Docker containers won't start

Check Docker is running and has sufficient memory (8GB+ recommended):

docker info

Services not ready

Check container logs:

docker logs mcpatlas-agent-env

Port already in use

MCP-Atlas uses two local ports:

  • 1984 for the Dockerized agent-environment MCP servers
  • 3000 by default for the local mcp_eval completion service (PORT in mcp-atlas/.env may override this, e.g. 3001)
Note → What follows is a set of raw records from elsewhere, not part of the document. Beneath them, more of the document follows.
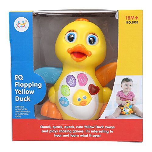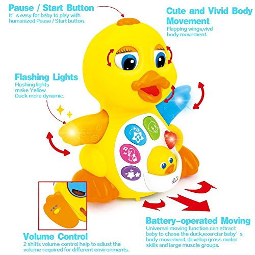 This dancing duck toy will keep you and your child entertained with fun sing-along tunes, wings flapping, eyes blinking, and mouth opening and closing. All of the sounds it makes are adjustable to mute, low and regular. The bright colors are fun and appealing. Make play time a fun time. NEW PRODUCT WITH FACTORY PACKAGING FEATURES: Bump and Go Action, Wings flap and light up when music begins. Direct from the manufacturer. 3AA batteries required but NOT included. 1- has 4 color buttons on stomach a - first button- picture of a star - makes different duck sounds b - 2nd button - pictures of a duck with musical notes - plays 2 different tunes c- 3rd button- picture of star with musical notes - plays another 3 tunes d - 4th button- picture of a duck - says uh oh 2- Has a red heart on stomach - when pressed it makes the sound of a beating heart 3- Has a little duck in the stomach - when pushed down it says "quack quack" 4- when the hair on the head is pushed down the duck dances around while: a- flapping its arms - which keep lighting up b - opening and closing its eyes c - moving its mouth opens and closed d - the hearts light keeps light upFeature
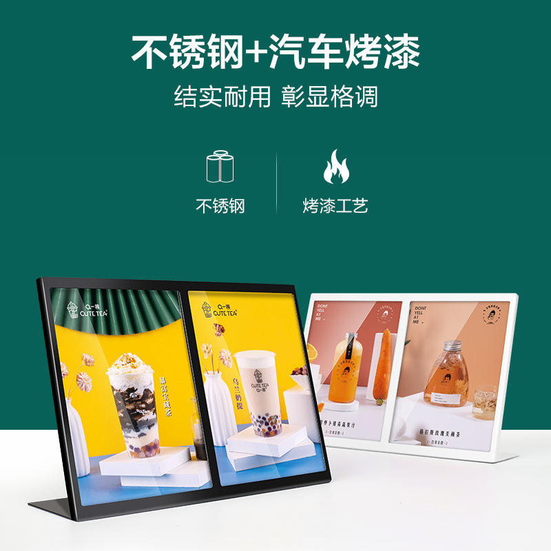 A4 بطاقة طاولة معدنية سطح المكتب بار تصميم الحليب الشاي متجر الفولاذ المقاوم للصدأ قائمة الرف سعر بطاقة العرض بطاقة الطعام KT المجلس
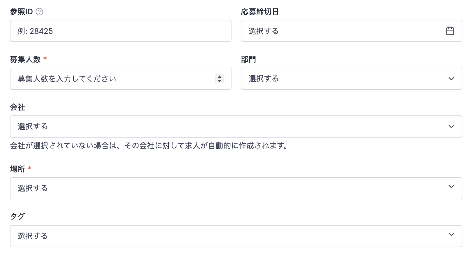 フィールドを空欄のままにすると、その求人は自社内での 内部募集(internal hiring) として扱われます。
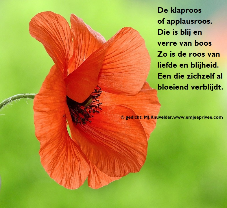 Gedicht. De klaproos Geplaatst op 27 juni 202323 juni 2023 door mjknuvelder Voor een vergroting, klik op de afbeelding Delen: Klik om te delen op Facebook (Opent in een nieuw venster) Facebook Klik om op Pinterest te delen (Opent in een nieuw venster) Pinterest
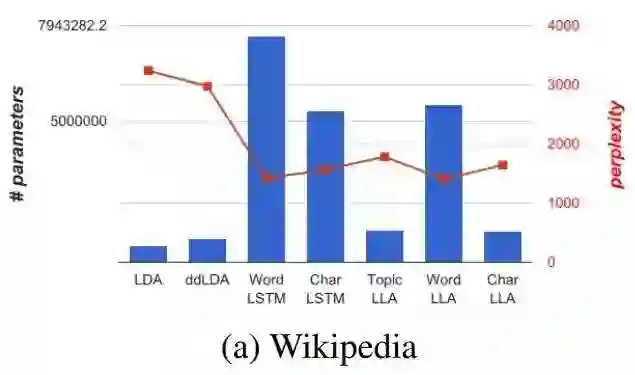 柱状图是参数数量,折线是复杂度。根据图中示意,在基于 Wikipedia 数据集的语言建模任务中,LLA 比 LDA 的复杂度更低,参数数量也比 LSTM 大大减少。
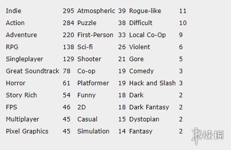 热门标签:在被统计的游戏当中,独立游戏是使用率最高的,达到了295款,其余四个使用率超过100次的标签是动作(284)、冒险(220)、RPG(138)和单机游戏(129)。
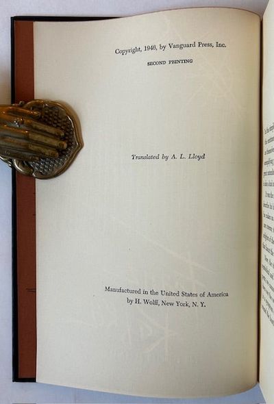 The Vanguard Press, Inc, 1946. Pictorial boards. Near Fine/Very Good. Leslie Sherman. A very presentable copy of the 1946 stated 2nd American printing, translated from its original German by A.L. Lloyd. Solid and VG+ to Near Fine in a bright, price-intact ($2.75), VG dustjacket, with very light chipping and creasin --and several tiny closed tears-- along the panel edges. Octavo, nicely illustrated by Leslie Sherman.
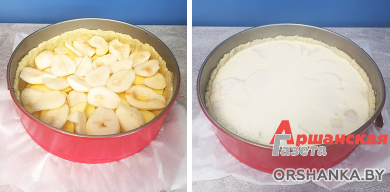 Пирог с яблоками и грушами со сметанной заливкой
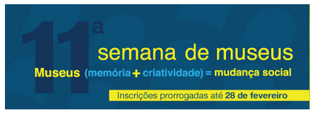 As inscrições para 11ª Semana de Museus, que antes seguiriam até o dia 22 de fevereiro, foram prorrogadas até esta quinta-feira (28). Os museus e instituições culturais interessados em participar do evento, que acontece entre os dias 13 e 19 de maio, podem garantir as suas inscrições somente através do site do Ibram. Realizado em comemoração o Dia Internacional do Museu, celebrado no dia 18 de maio, Semana de Museus este ano tem como foco central “Museus (memória e criatividade) = Mudança Social”, temática proposta pelo Conselho Internacional de Museus (ICOM), que associa dois conceitos que caracterizam o setor museal nos últimos anos. Criado em 1977 pelo ICOM, o Dia Internacional do Museu tem como objetivo sensibilizar o público sobre o papel dos museus no desenvolvimento da sociedade. Em 2012, a data contou com a participação recorde de 32 mil museus em mais de 129 países. No Brasil, o evento já contou com a participação de 1.114 museus e organizações culturais, somando 3.420 eventos entre exposições, palestras, oficinas, seminários e ações educativas, realizados em 513 cidades por todo o país. Fonte: Ascom/Ibram
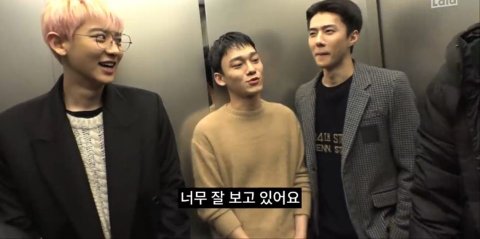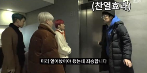 찬열 : 엘리베이터 아직 안 열어 놓으셨어요? (장난질)
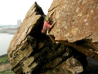 МакЛеод покоряет Saction (V13), на своей вотчине в Dumbarton Rock, Шотландия.
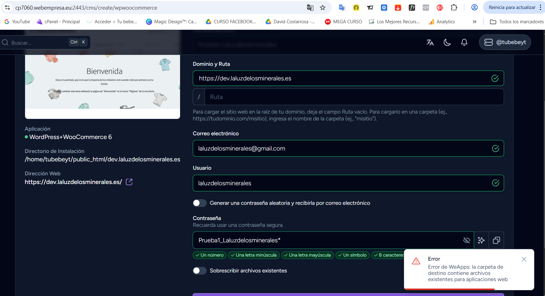 Le he dado a crear como pone en el siguiente paso, he elegido el subdonio donde lo tenía, y aparecía con www. y sin las www. pero me sale el siguiente error en la parte de abajo.

If make run-docker fails with Bind for 0.0.0.0:1984 failed: port is already allocated, find and stop the stale Docker container:

docker ps --format '{{.ID}}\t{{.Names}}\t{{.Ports}}' | rg '1984'
docker stop <container_name_or_id>
# If needed:
docker rm -f <container_name_or_id>

If make run-mcp-completion fails because the completion-service port is already in use, first check PORT= in mcp-atlas/.env, then stop the old completion service in its original terminal with Ctrl-C. If you no longer have that terminal, find the listening process and kill it:

# Replace 3000 with the value from PORT= in mcp-atlas/.env
sudo ss -ltnp '( sport = :3000 )'
kill <pid>
# If needed:
kill -9 <pid>

To check both ports at once:

docker ps --format '{{.ID}}\t{{.Names}}\t{{.Ports}}' | rg '1984|3000'
ss -ltnp '( sport = :1984 or sport = :3000 or sport = :3001 )'

API errors

Verify your .env file has the required API keys for the servers your tasks use.